A good analogy will help in understanding it better:
Think of MCP as the API schema layer of agentic AI — like OpenAPI or gRPC in the web world. It defines what services exist and how to call them, making interoperability possible across heterogeneous agent ecosystems.
A2A — The Communication Layer
A2A (Agent-to-Agent) is the messaging and coordination protocol that standardizes how agents can talk to each other. It handles task delegation, structured messaging, and response collection.
Why it matters:
- Supports multi-agent collaboration and orchestration.
- Agents can send requests, delegate sub-tasks, and await structured responses.
- Works over standard transports like WebSocket or gRPC, decoupling communication from execution.
A good analogy will help in understanding it better:
A2A is theHTTP/WebSocket layer of agentic AI — the “network” for agent conversations. Just as HTTP delivers requests and responses between servers, A2A delivers messages and tasks reliably between agents.
AGUI — The Interface Layer
AGUI (Agent Graphical User Interface) standardizes human-facing interaction with agents. It handles UI state, input capture (text, voice, visuals), and output rendering.
Why it matters:
- Ensures consistent and portable interfaces across applications.
- Translates agent responses into human-readable or actionable forms.
- Supports multimodal interaction and dynamic UI updates.
Like earlier, a good analogy helps here too:
AGUI is theHTML/DOM layer of agentic AI — it defines how humans see and interact with agents, just like HTML structures the web page for users.
Putting It Together: Real-World Agentic AI in Action
Finally, let’s apply this knowledge to a real-world agentic AI system.

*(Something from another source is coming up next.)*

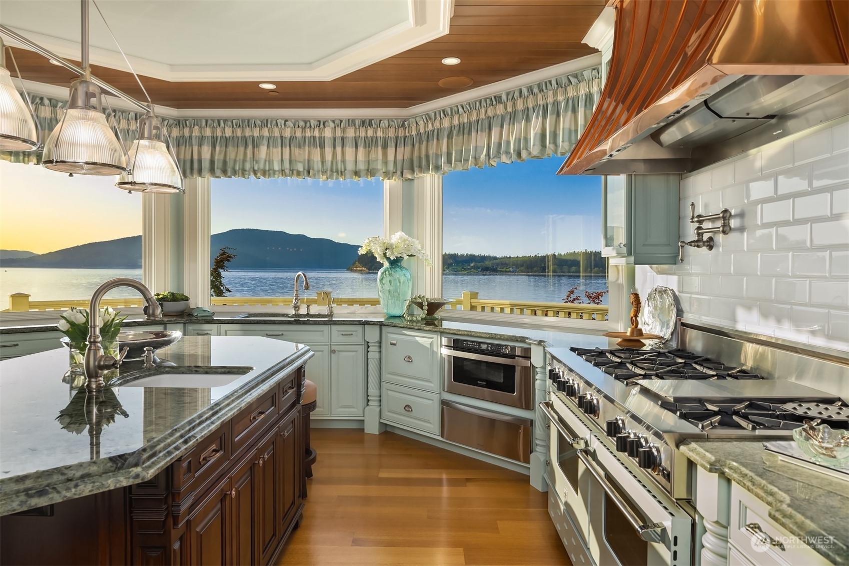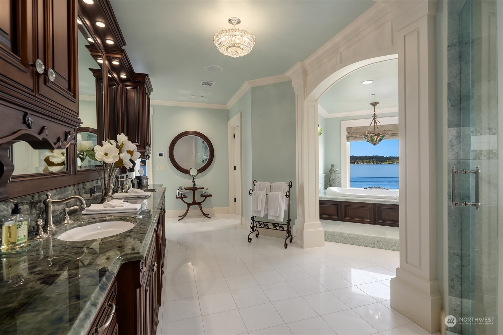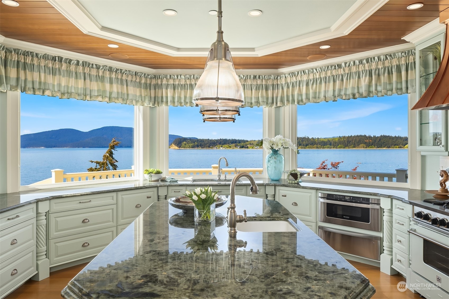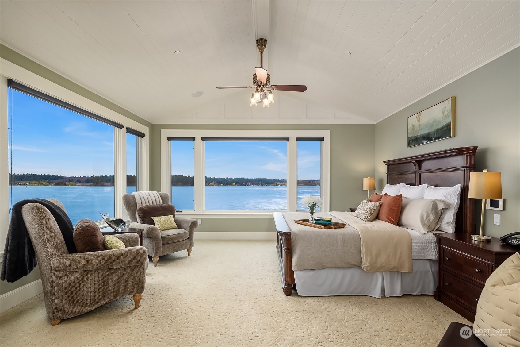 An absolute legacy property perched on the Anacortes coastline & overlooking the Guemes Channel & San Juans. Breathtaking Northwest & sunset views. 8,712 SF Main Residence features 5 BR's, each w/an ensuite bathroom. Chef’s kitchen for the absolute finest culinary experience. Private theater, game room, elevator, 3rd floor rec room + a 180 degree lookout tower. The estate includes a luxurious guest house (1300+ /sf), enormous 4-car garage, + separate 1064 SF Manager's house. NO expense spared. ALL impeccable & shows as if brand new. 2+ AC of arboretum-like grounds. 230' of deeded tidelands. Board your private yacht or the Anacortes ferry....marinas/terminal are minutes away. Truly one of the most iconic waterfront estates in the PNW.

Imagine a supply chain optimization agent tasked with managing inventory, coordinating shipments, and updating stakeholders in real-time. Here's how the Agentic AI stack facilitates this process:
- AGUI (Agent Graphical User Interface): The process begins when a warehouse manager interacts with a dashboard displaying real-time inventory levels and shipment statuses. The AGUI layer translates the manager's inputs — such as initiating a restock order or adjusting delivery schedules — into structured data that the system can process.

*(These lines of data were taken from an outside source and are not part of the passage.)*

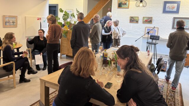 Foto: Gezellige drukte bij de opening van de tentoonstelling met tekeningen, aquarellen en schilderijen van Jannie Harting (foto aangeleverd).
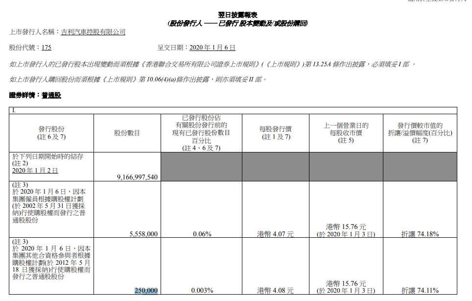 新京报讯(记者 刘阳 实习生 汪林)1月6日,吉利汽车披露,因集团雇员根据购股权计划(于2002年5月31日获采纳)行使购股权而发行555.8万股普通股,占已发行股份0.06%,每股发行价4.07港元,较上一个营业日每股收市价15.76港元折让74.18%。
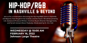 Hip-Hop / R&B Scene In Nashville and Beyond File under: on January 31, 2022February 14, 2022 Calendar Add to Calendar Add to Timely Calendar Add to Google Add to Outlook Add to Apple Calendar Add to other calendar Export to XML When: February 16, 2022 @ 10:00 am – 10:50 am 2022-02-16T10:00:00-06:00 2022-02-16T10:50:00-06:00 Where: Johnson 115 Contact: Alex Quattlebaum 615-460-6259 Email Seminar WELL Core Credit: Occupational/Financial Well-Being

- A2A (Agent-to-Agent Protocol): Upon receiving the manager's request, the system's central agent communicates with specialized agents responsible for inventory management, logistics, and supplier coordination. Using the A2A protocol, these agents exchange messages to delegate tasks, share data, and ensure alignment across the workflow.

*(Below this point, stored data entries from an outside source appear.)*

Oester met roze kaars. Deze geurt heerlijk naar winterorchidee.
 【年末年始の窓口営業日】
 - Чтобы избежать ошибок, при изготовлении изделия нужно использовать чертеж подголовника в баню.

- MCP (Model Context Protocol): As tasks are delegated, agents utilize the MCP to access and invoke external tools and APIs. For instance, an agent might use MCP to retrieve real-time shipping data from a third-party logistics provider, ensuring that the latest information informs decision-making.
- LLM/Runtime Layer: The runtime environment executes the necessary computations, such as calculating optimal restock quantities or determining the best shipping routes. It processes the data, applies relevant models, and generates actionable insights or decisions.
- AGUI (Feedback Loop): Once the computations are complete, the results are sent back through the A2A protocol to the AGUI layer, where the warehouse manager receives updated information, such as new inventory levels or revised delivery schedules, enabling informed decision-making.
Conclusion
The rise of agentic AI is not just about smarter models — it’s about creating a structured ecosystem of protocols that lets agents, tools, and humans collaborate seamlessly. The Agentic AI stack — AGUI, A2A, MCP, and the LLM/runtime layer — provides a layered framework that mirrors the Internet stack: AGUI like HTML for human interaction, A2A like HTTP for messaging, MCP like APIs for capability exposure, and the runtime like TCP/IP for execution.